For parents at Peralta and Sankofa, the planning began in late January, when 50 people showed up at a meeting at the home of Peralta parent Kira Don. Back in the 1980s, when Don was a student at Peralta, her family had hosted a strike school at their house during a work stoppage, just as other families in the neighborhood had. Teachers from Peralta would hold classes, and the community raised money to help pay for them. “In ’96, when Peralta did a strike school, it was in a church basement,” Don says. “We wanted to make it in a space, not in private homes, so that it felt more open and accessible, especially since we were sharing the space with a second school.” Ahead of this year’s strike, parents from Peralta sent emails to coordinate, drafted leaflets, and passed them around to parents when they dropped their kids off at Sankofa.
Because of their proximity and the vastly different racial makeup of their student bodies, Sankofa and Peralta are often compared to one another; in 2017, as the district considered a controversial plan to merge or close nearly two dozen schools, a school board-commissioned report floated the idea that Sankofa combine with Peralta.

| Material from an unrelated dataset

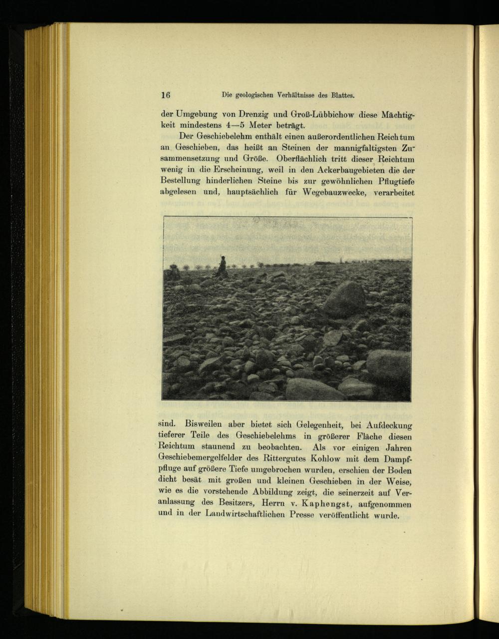 Der Geschiebelehm enthält einen außerordentlichen Reichtum an, Geschieben, das heißt an Steinen der mannigfaltigsten Zur sammensetzung und Größe. Oberflächlich tritt dieser Reichtum wenig in die Erscheinung, weil in den Ackerbaugebieten die der Bestellung hinderlichen Steine bis zur gewöhnlichen Pflugtiefe abgelesen und, hauptsächlich für Wegebauzwecke, verarbeitet
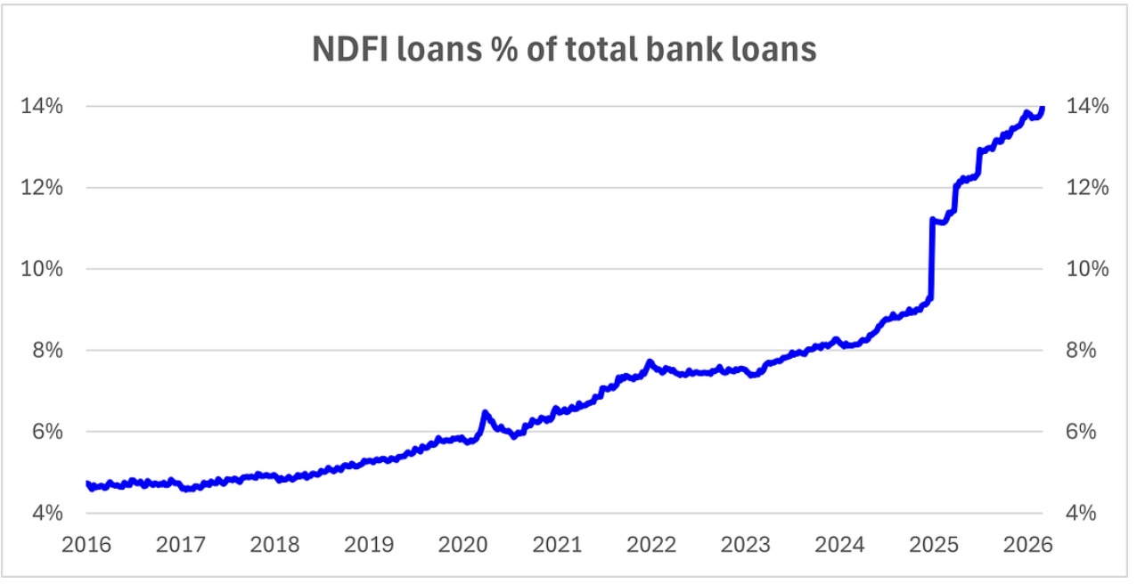 It was private credit that we know filled the void of bank lending post the GFC regulatory screws on the banks. It has been though banks that have been now lending to private credit and to what extent? This chart from my friend Adam Josephson. For those that aren’t watching closely, NDFI are non-depository financial institutions.

That didn’t go forward. But this year, Sankofa families were thrown into uncertainty when, in January, the district proposed merging the school with Kaiser Elementary, a small school in the Oakland hills where just 22 percent of students are black and 34 percent are white. The idea has sparked outcry from some parents at Kaiser who are trying to stop the merger from happening.
When Mills talked to some Sankofa parents, she says there was interest in the possibility of what could come next. “They see that Sankofa doesn’t have the resources that other schools do, just in terms of how much parents raise,” Mills said. “Some sort of merger or closure has been hanging over Sankofa for a long time.”
Mills stopped to see if there were enough people supervising the kids out on the playground. Eventually, she helped get them settled to eat lunches she’d been organizing earlier, which were donated by the Democratic Socialists of America as part of their Bread for Ed campaign: peanut butter and jelly sandwiches, broccoli, carrots, and potato chips. (Mills did her best to keep the chip eating to a minimum.)
With no end in sight for the strike, Mills told me that the next challenge would be to find another site to offer full-day care for students once the strike school hours end in the afternoon. That way, volunteers can walk students from Bushrod to the next site to give parents more time for daycare. It wasn’t going to be an easy problem to solve.
“The idea is that we stand in solidarity with our teachers. They’re fighting not just for higher wages but for better conditions for our kids. It’s all our struggle, too,” Lee, the East Oakland parent organizer, told me ahead of the strike. “As parents, we have a duty to get involved in that. We can’t just leave it to the teachers to carry this weight and be the only ones fighting to keep public education alive.”